--- DATA RECORDS Enclosed Below ---

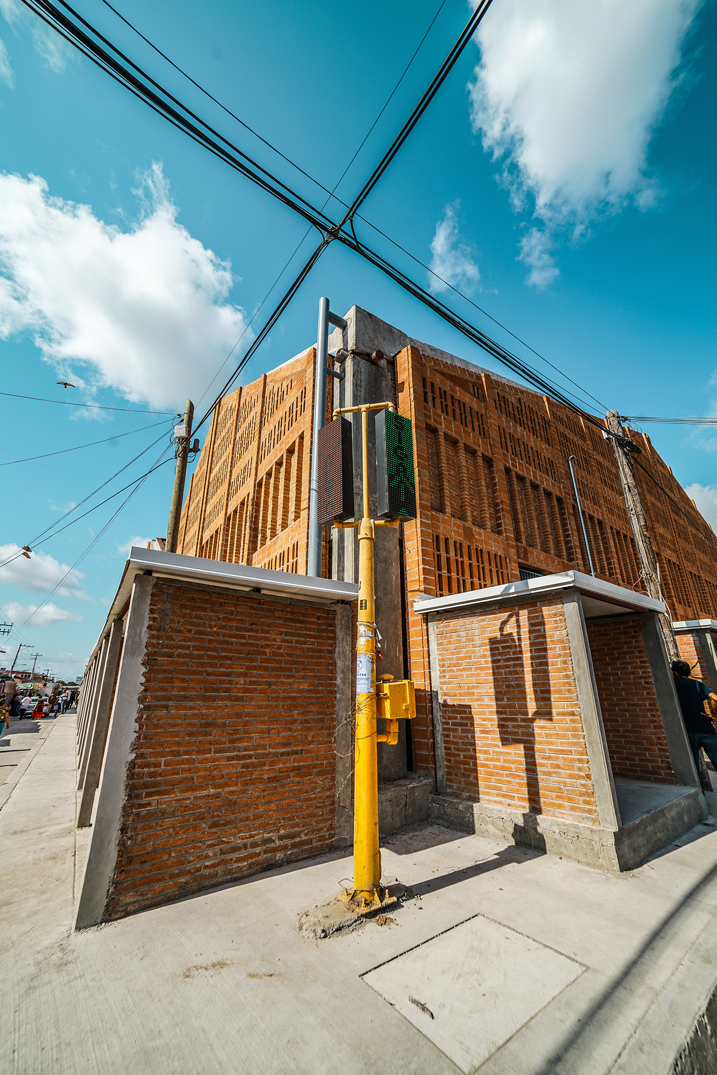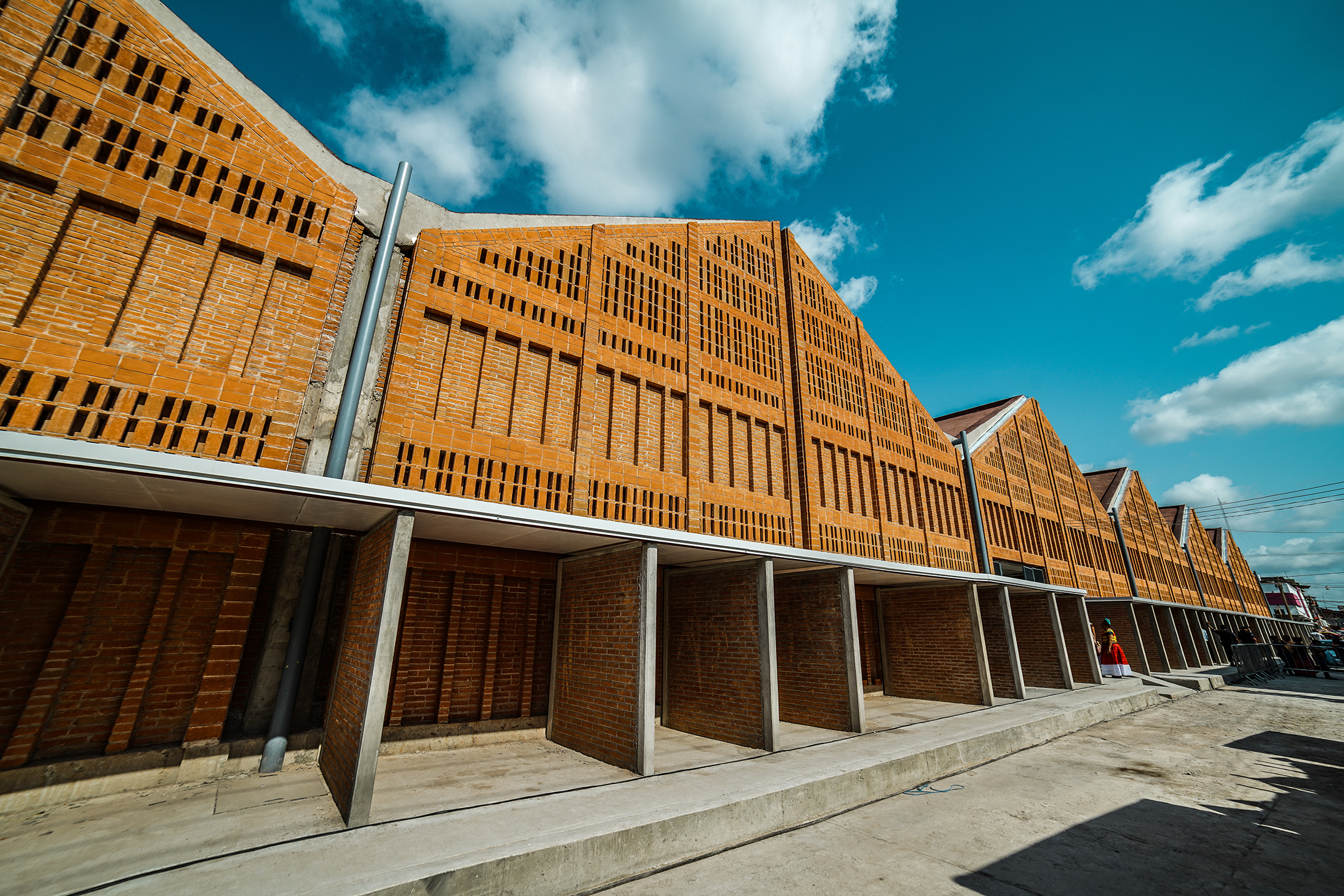 La fachada consta de celosía, un material que aporta una arquitectura tradicional a la zona; permitiendo una buena iluminación y ventilación al mercado. Pronto la edificación forma parte de un nuevo símbolo urbano.
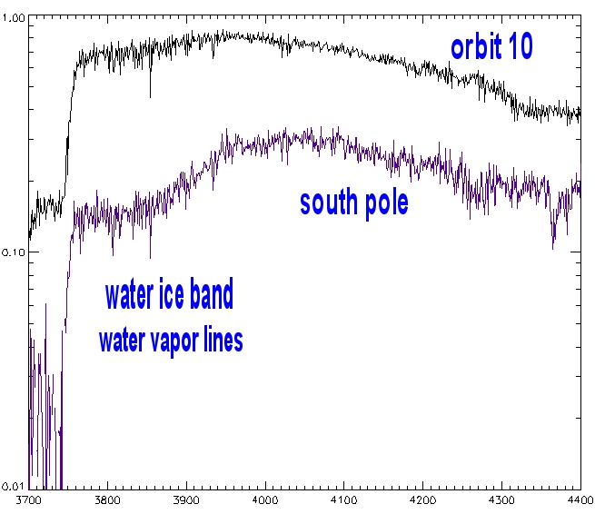 Water ice is most clearly observed between 3750 and 3950 cm-1 in the PFS Spectrum of the southern polar cap.
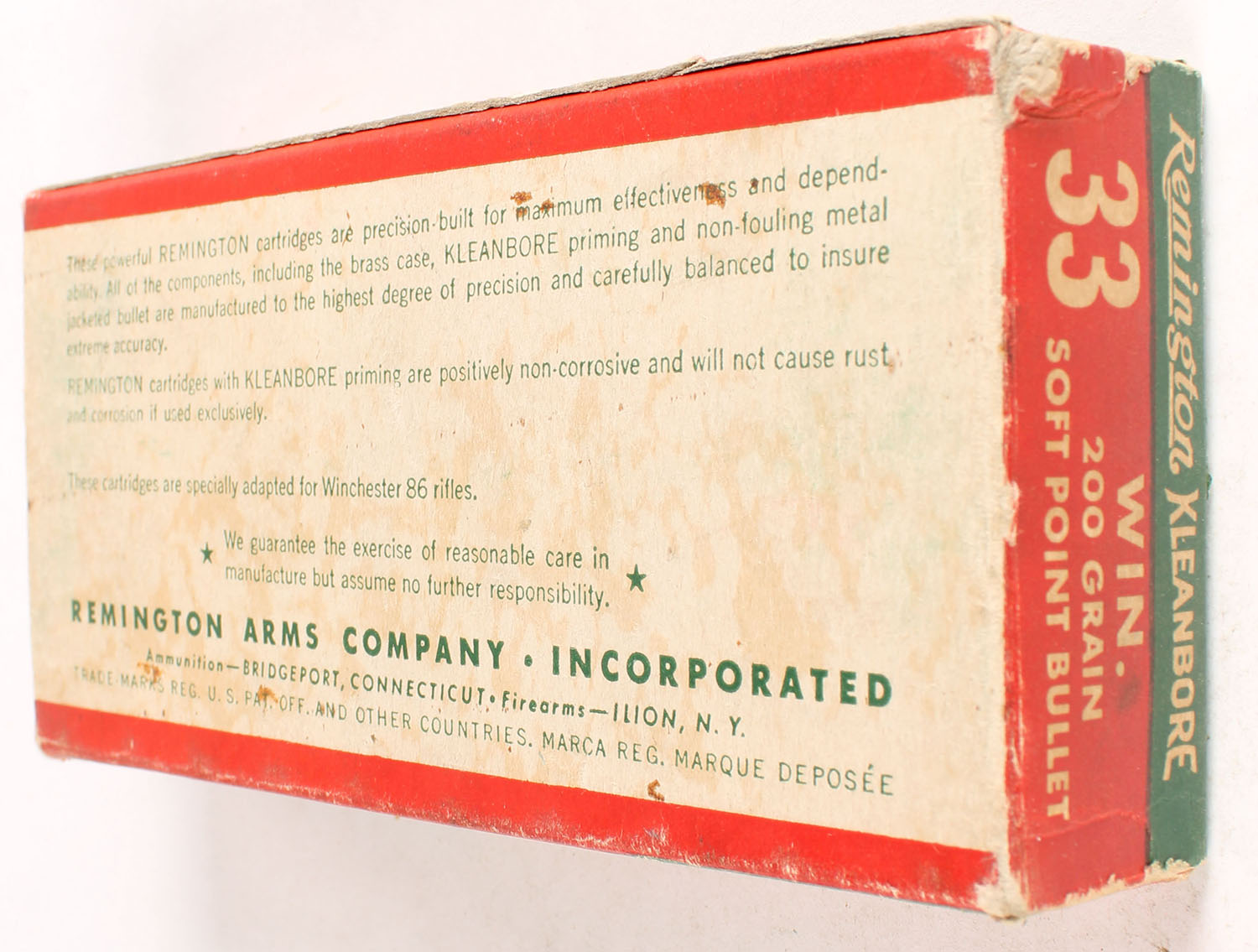 Remington, Kleanbore, .33 Winchester, .200 Grain Soft Point Bullet, Full, 1pc. Green buff & red box, box is solid with excellent color, very minor age soiling, minor corner wear, very minor edge wear, end flaps are solid, ammo is fair. Grade: Excellent - Value: 50 to 150
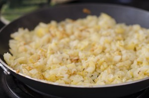 Easy add fresh potatoes or a bag of hashbrowns to a large frying pan, and bown with a little cooking oil.
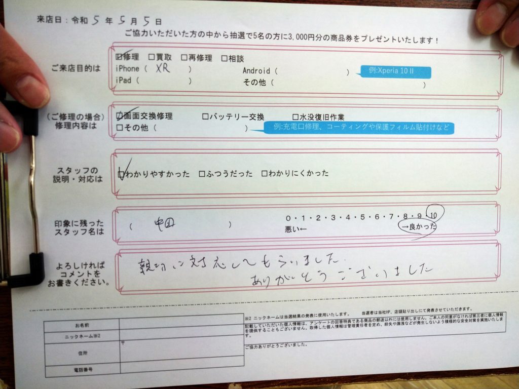 親切に対応してもらいました。 ありがとうございました。 (コメントより抜粋)
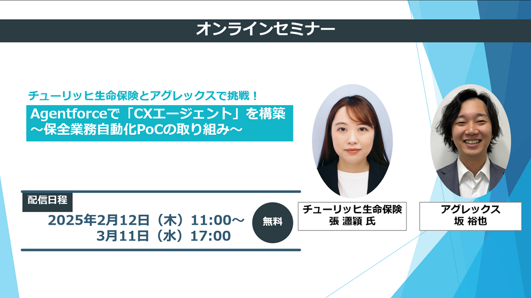 | 内容 | チューリッヒ生命保険株式会社と株式会社アグレックスが共同で、保全業務の完全自動化を目的としたAgentforce活用のPoCを実施。チューリッヒ生命保険のユーザー部門・システム部門とアグレックスが一丸となって業務整理とプロトタイプを作成し3ヶ月のアジャイル開発を行いました。そのPoCの結果と、導入に向けた課題や展望を業務効率化とCX向上の観点からお伝えします。 |

--- End of Enclosed DATA RECORDS ---

Output exactly the lines from the one containing "Easy add fresh" through the last line of the records above, both included, and leave out the pictures.

 Easy add fresh potatoes or a bag of hashbrowns to a large frying pan, and bown with a little cooking oil.
 親切に対応してもらいました。 ありがとうございました。 (コメントより抜粋)
 | 内容 | チューリッヒ生命保険株式会社と株式会社アグレックスが共同で、保全業務の完全自動化を目的としたAgentforce活用のPoCを実施。チューリッヒ生命保険のユーザー部門・システム部門とアグレックスが一丸となって業務整理とプロトタイプを作成し3ヶ月のアジャイル開発を行いました。そのPoCの結果と、導入に向けた課題や展望を業務効率化とCX向上の観点からお伝えします。 |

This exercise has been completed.